*** Opening Provided material ***

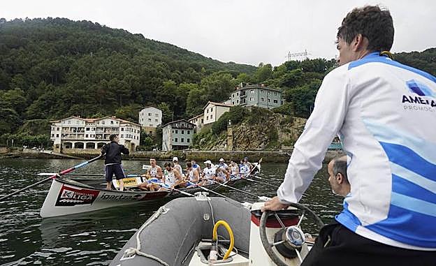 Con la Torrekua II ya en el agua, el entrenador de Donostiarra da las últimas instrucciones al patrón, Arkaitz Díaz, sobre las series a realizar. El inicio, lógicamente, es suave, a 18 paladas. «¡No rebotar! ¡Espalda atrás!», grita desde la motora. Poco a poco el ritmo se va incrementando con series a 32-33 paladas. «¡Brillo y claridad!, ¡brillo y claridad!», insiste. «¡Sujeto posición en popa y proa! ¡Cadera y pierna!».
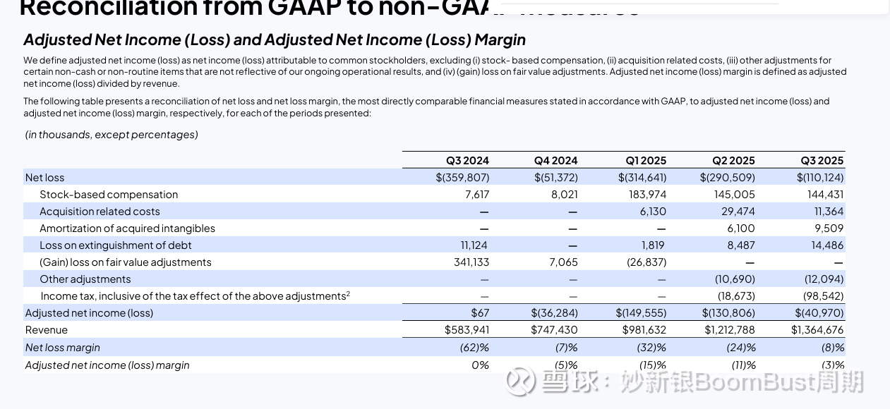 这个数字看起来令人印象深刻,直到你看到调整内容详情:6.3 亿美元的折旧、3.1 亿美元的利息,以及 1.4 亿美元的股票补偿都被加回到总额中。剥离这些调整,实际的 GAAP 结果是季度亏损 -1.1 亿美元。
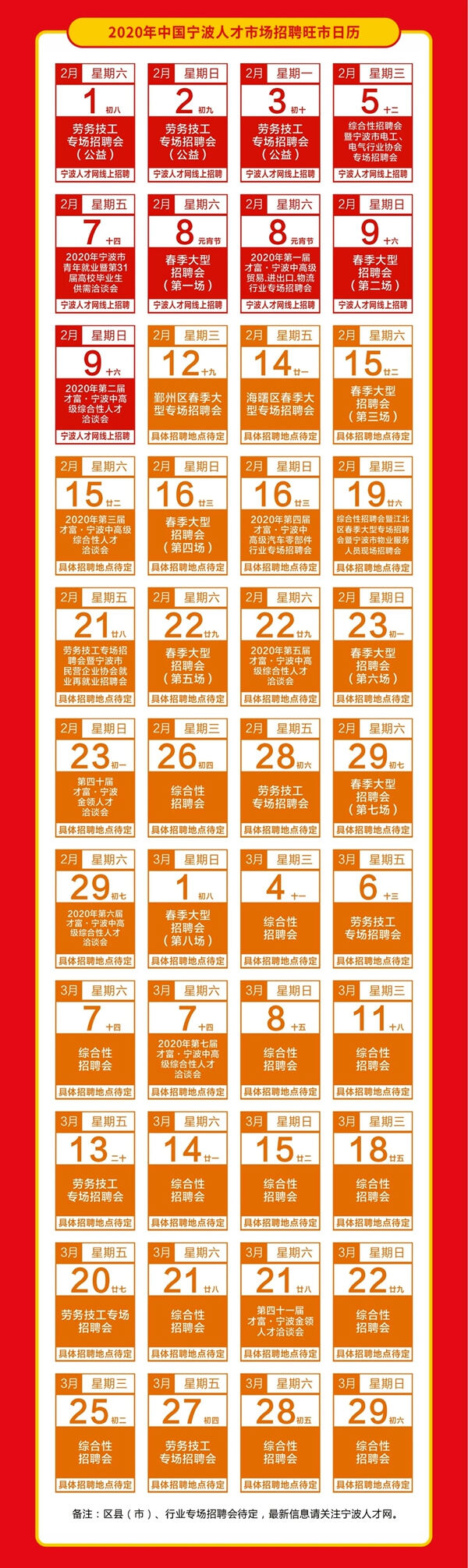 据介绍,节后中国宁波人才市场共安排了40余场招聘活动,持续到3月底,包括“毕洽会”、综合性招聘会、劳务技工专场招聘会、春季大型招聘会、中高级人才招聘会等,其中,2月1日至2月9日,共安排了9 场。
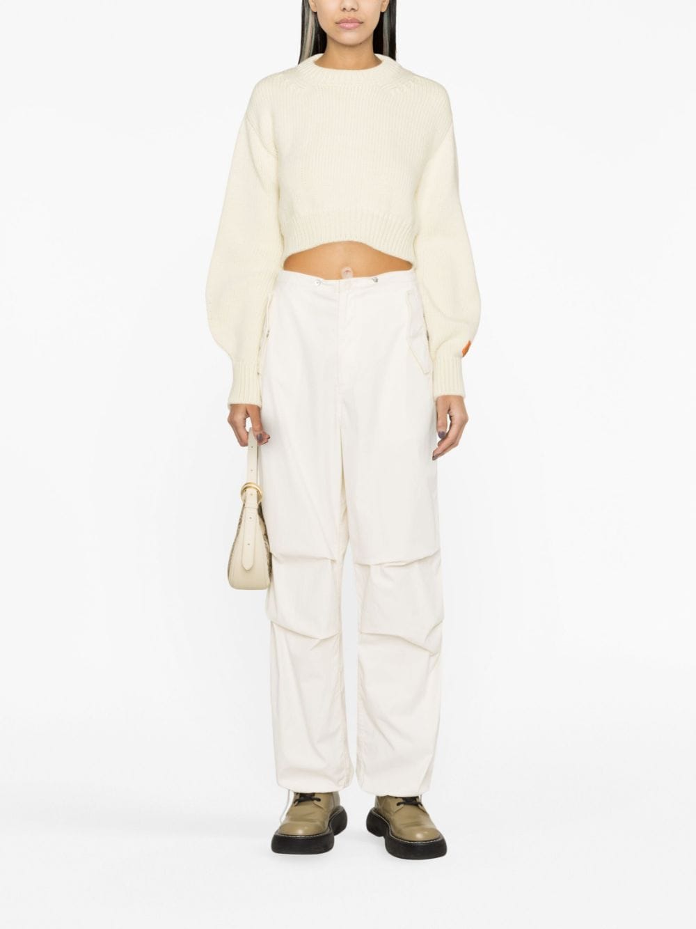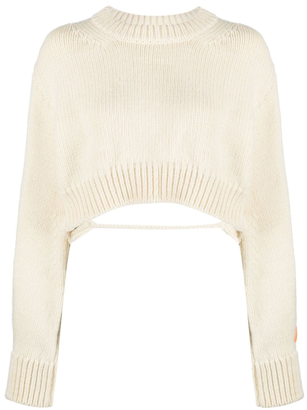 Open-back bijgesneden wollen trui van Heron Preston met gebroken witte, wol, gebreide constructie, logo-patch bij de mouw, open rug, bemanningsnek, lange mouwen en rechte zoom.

*** Closing Provided material ***

Repeat the material verbatim. Do not carry over any picture.

 Con la Torrekua II ya en el agua, el entrenador de Donostiarra da las últimas instrucciones al patrón, Arkaitz Díaz, sobre las series a realizar. El inicio, lógicamente, es suave, a 18 paladas. «¡No rebotar! ¡Espalda atrás!», grita desde la motora. Poco a poco el ritmo se va incrementando con series a 32-33 paladas. «¡Brillo y claridad!, ¡brillo y claridad!», insiste. «¡Sujeto posición en popa y proa! ¡Cadera y pierna!».
 这个数字看起来令人印象深刻,直到你看到调整内容详情:6.3 亿美元的折旧、3.1 亿美元的利息,以及 1.4 亿美元的股票补偿都被加回到总额中。剥离这些调整,实际的 GAAP 结果是季度亏损 -1.1 亿美元。
 据介绍,节后中国宁波人才市场共安排了40余场招聘活动,持续到3月底,包括“毕洽会”、综合性招聘会、劳务技工专场招聘会、春季大型招聘会、中高级人才招聘会等,其中,2月1日至2月9日,共安排了9 场。
 Open-back bijgesneden wollen trui van Heron Preston met gebroken witte, wol, gebreide constructie, logo-patch bij de mouw, open rug, bemanningsnek, lange mouwen en rechte zoom.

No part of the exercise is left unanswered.